Return the following from the records below: each line, word for word, starting with the line that contains "证券之星消息,截至2025年" and going on through the line that contains "Young beautiful hispanic", with nothing outside that range.

▶ Source data
= = = =

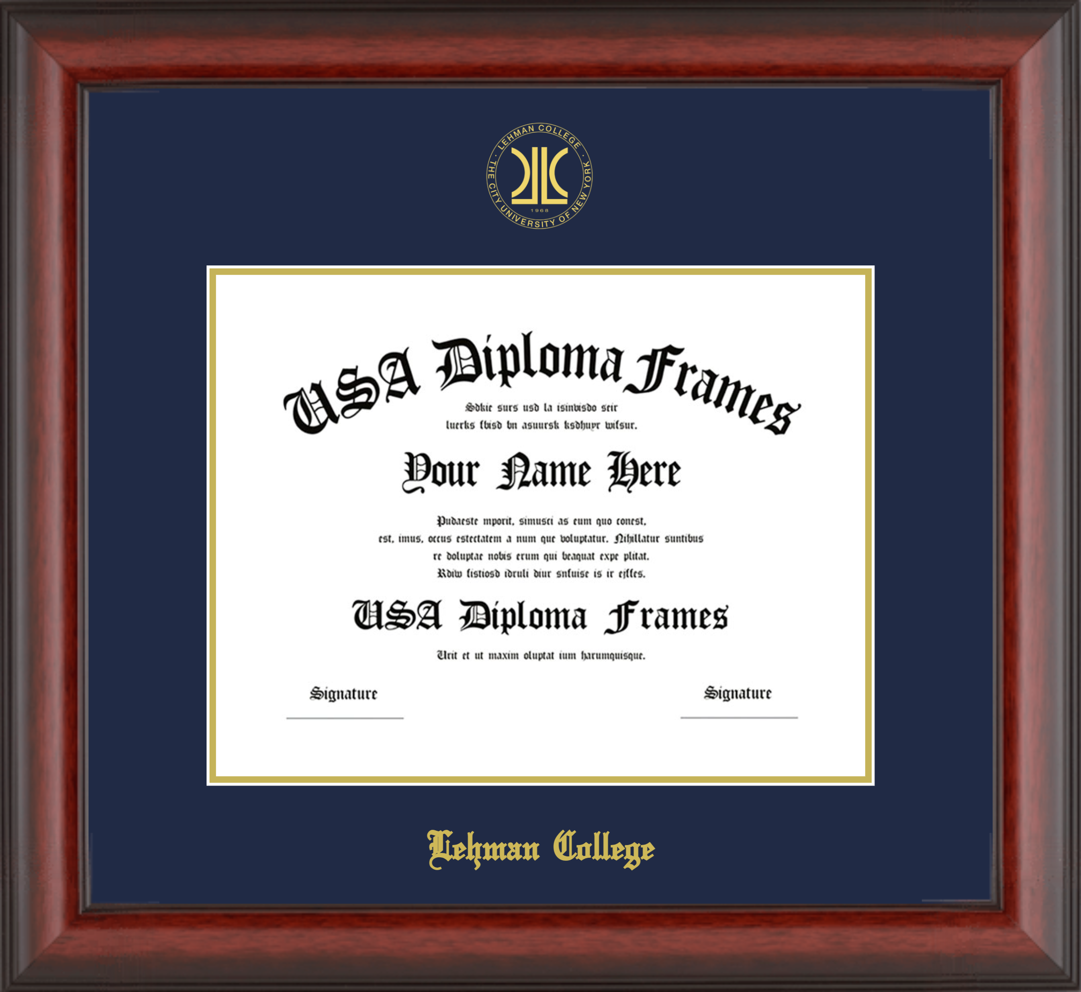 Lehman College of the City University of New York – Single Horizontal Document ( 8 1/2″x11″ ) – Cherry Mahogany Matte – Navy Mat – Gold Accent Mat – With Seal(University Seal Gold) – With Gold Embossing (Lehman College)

= = = =

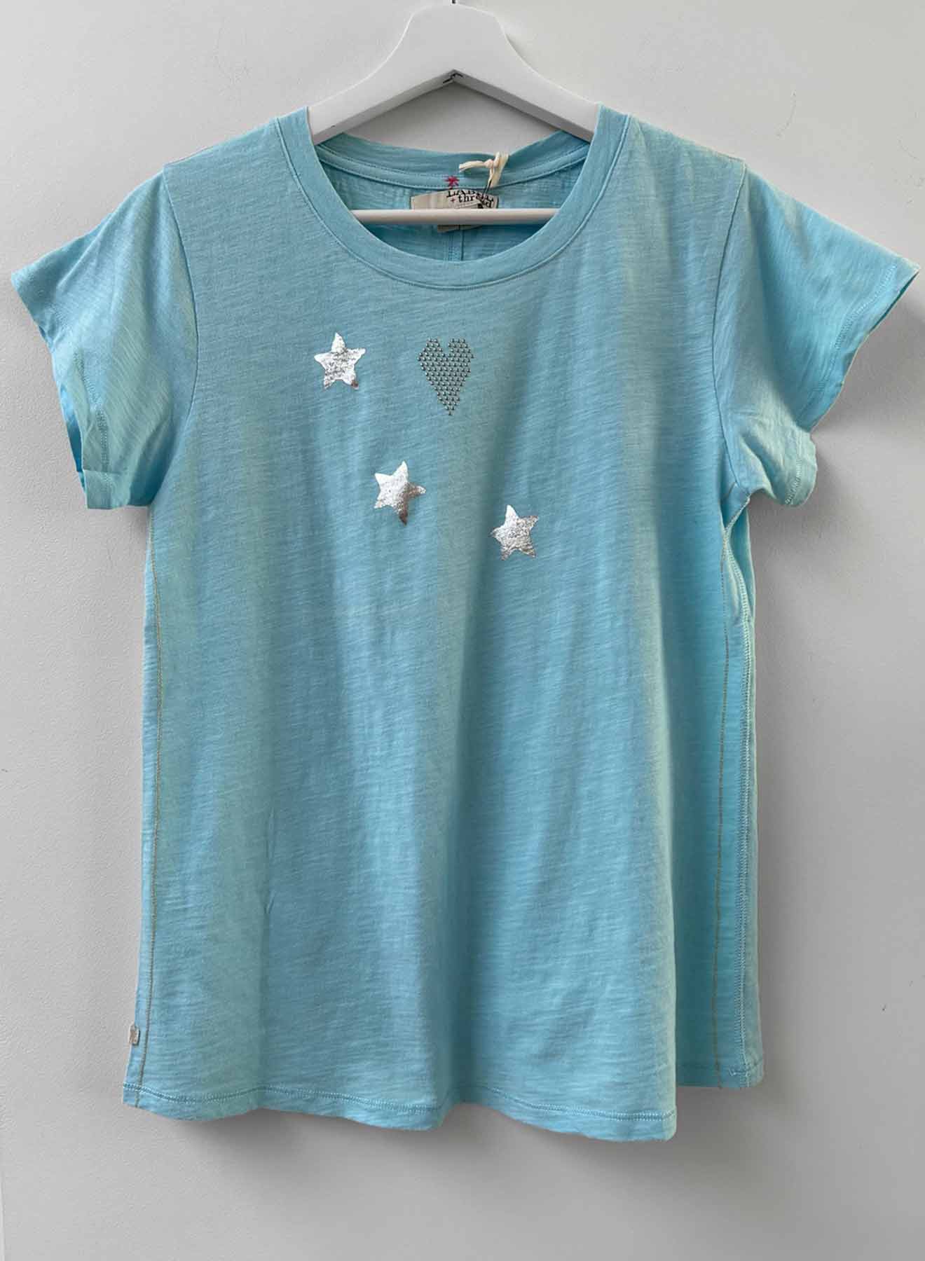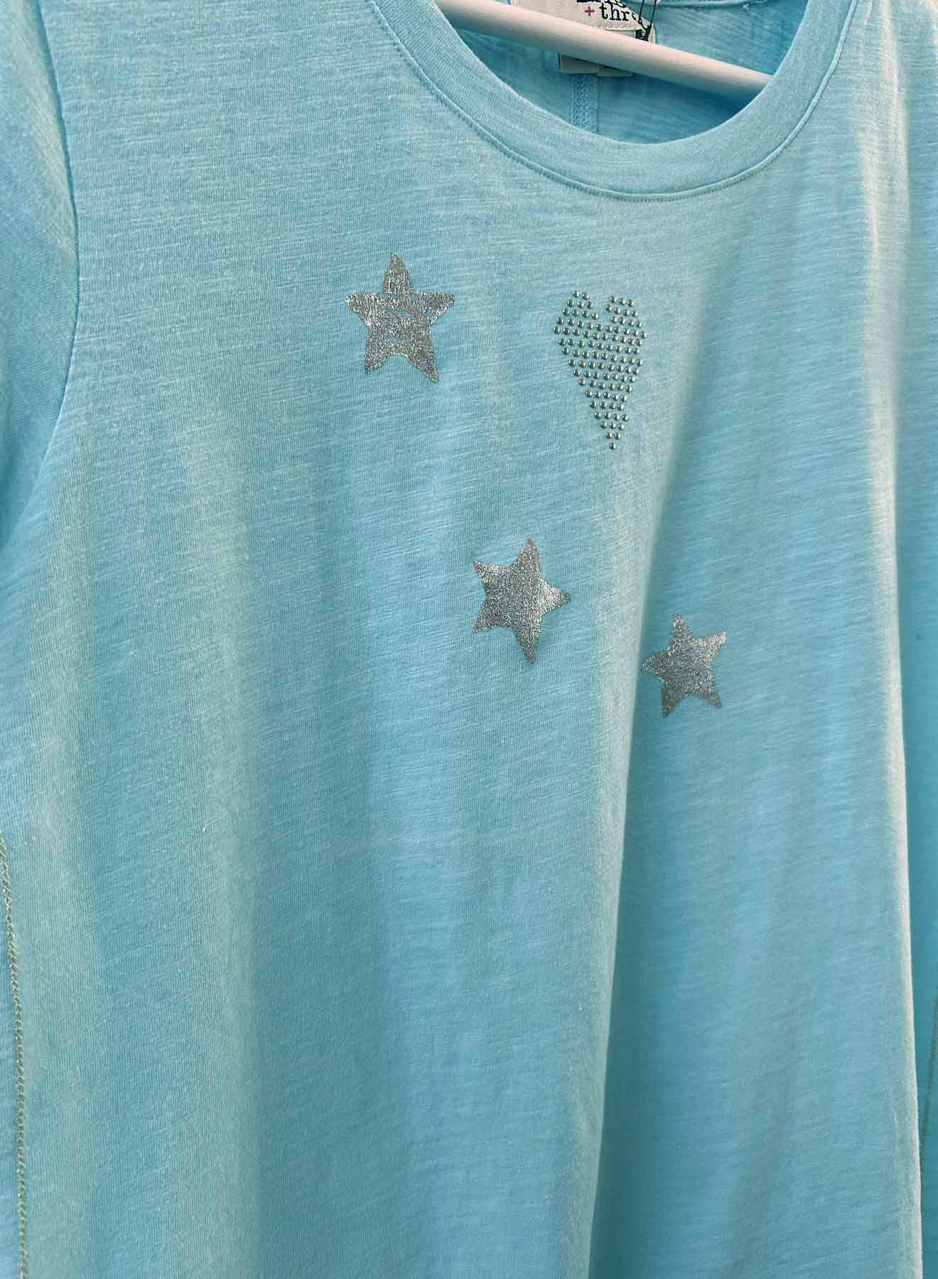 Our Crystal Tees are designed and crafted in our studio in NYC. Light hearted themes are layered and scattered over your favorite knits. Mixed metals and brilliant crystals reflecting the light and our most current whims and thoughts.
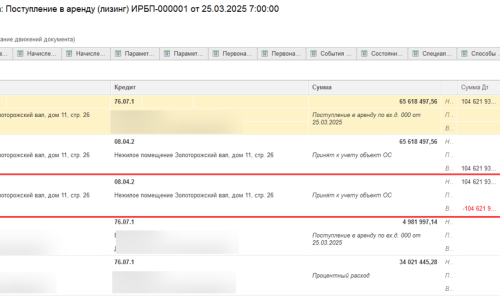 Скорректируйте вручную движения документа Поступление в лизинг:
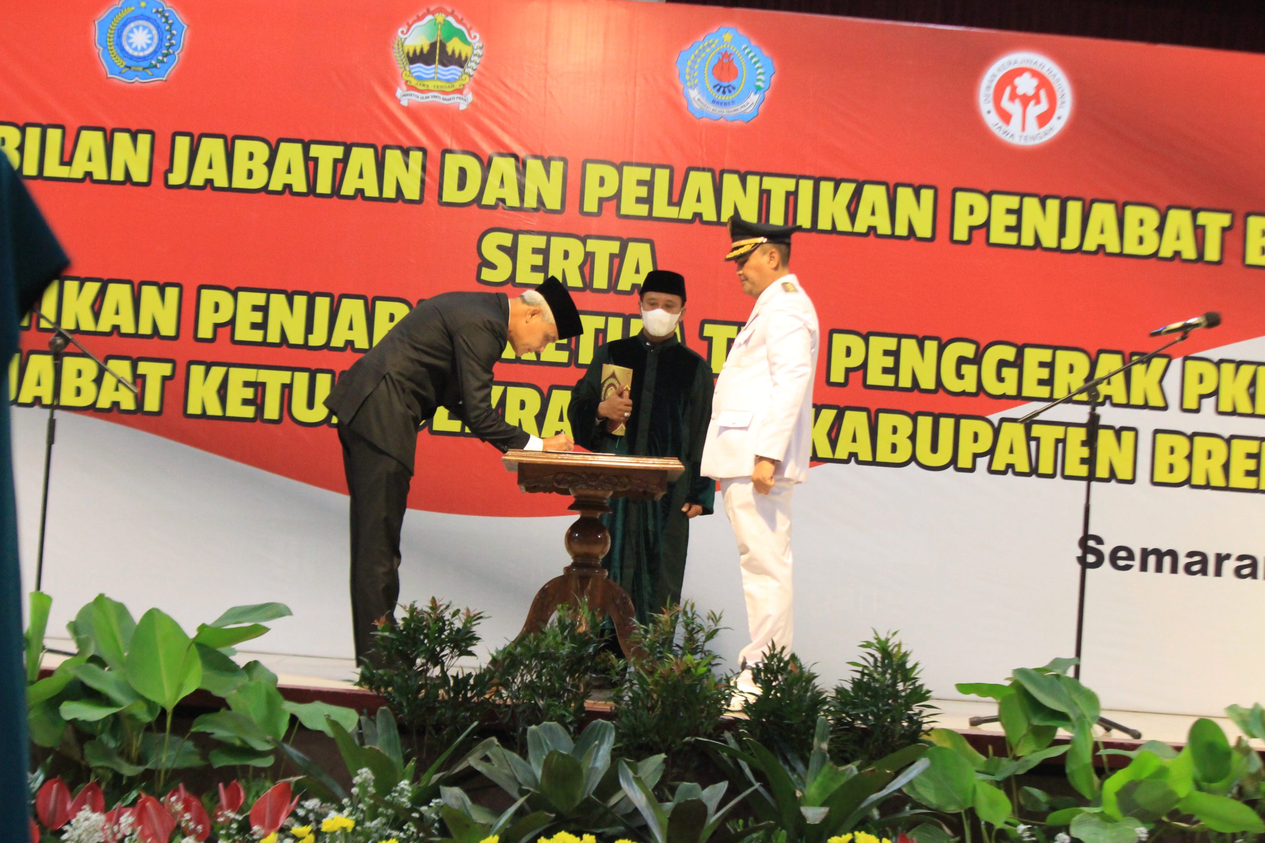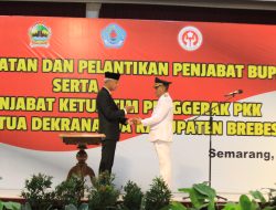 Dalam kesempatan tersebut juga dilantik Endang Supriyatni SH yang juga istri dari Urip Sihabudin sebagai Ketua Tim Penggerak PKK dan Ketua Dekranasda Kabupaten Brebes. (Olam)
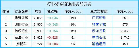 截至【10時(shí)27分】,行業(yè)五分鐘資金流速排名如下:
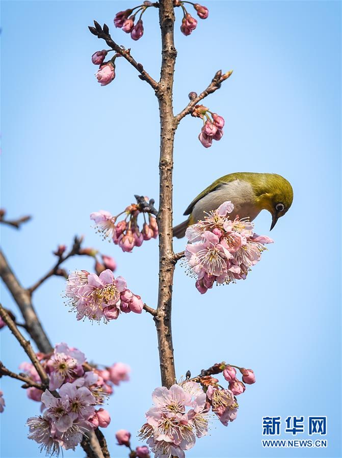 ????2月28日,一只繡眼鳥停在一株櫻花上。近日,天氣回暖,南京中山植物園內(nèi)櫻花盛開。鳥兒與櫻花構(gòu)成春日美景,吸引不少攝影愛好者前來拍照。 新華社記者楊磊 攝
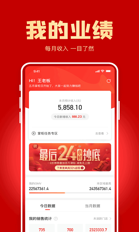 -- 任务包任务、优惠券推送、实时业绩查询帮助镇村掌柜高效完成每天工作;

= = = =

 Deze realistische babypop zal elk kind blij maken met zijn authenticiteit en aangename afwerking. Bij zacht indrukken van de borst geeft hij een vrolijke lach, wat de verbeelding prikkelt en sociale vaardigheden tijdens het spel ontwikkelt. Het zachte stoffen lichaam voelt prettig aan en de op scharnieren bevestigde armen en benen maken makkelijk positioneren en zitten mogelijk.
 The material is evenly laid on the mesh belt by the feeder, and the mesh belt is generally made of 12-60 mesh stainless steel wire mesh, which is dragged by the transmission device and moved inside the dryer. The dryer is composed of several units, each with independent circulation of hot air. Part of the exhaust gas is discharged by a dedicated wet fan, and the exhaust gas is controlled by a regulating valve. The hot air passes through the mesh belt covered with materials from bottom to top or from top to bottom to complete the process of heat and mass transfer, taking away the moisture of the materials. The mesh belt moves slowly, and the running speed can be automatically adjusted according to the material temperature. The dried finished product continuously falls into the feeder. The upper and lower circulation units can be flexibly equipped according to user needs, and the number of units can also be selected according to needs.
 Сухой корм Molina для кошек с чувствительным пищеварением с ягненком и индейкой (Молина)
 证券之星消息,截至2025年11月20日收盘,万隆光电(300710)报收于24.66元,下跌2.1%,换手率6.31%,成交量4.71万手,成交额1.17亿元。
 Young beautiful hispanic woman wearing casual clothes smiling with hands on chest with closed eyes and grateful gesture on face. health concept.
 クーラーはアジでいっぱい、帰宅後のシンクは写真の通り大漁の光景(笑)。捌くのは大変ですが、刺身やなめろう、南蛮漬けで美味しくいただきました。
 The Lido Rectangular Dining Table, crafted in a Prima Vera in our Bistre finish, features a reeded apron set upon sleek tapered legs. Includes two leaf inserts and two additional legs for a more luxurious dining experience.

= = = =

▶ Output below
 证券之星消息,截至2025年11月20日收盘,万隆光电(300710)报收于24.66元,下跌2.1%,换手率6.31%,成交量4.71万手,成交额1.17亿元。
 Young beautiful hispanic woman wearing casual clothes smiling with hands on chest with closed eyes and grateful gesture on face. health concept.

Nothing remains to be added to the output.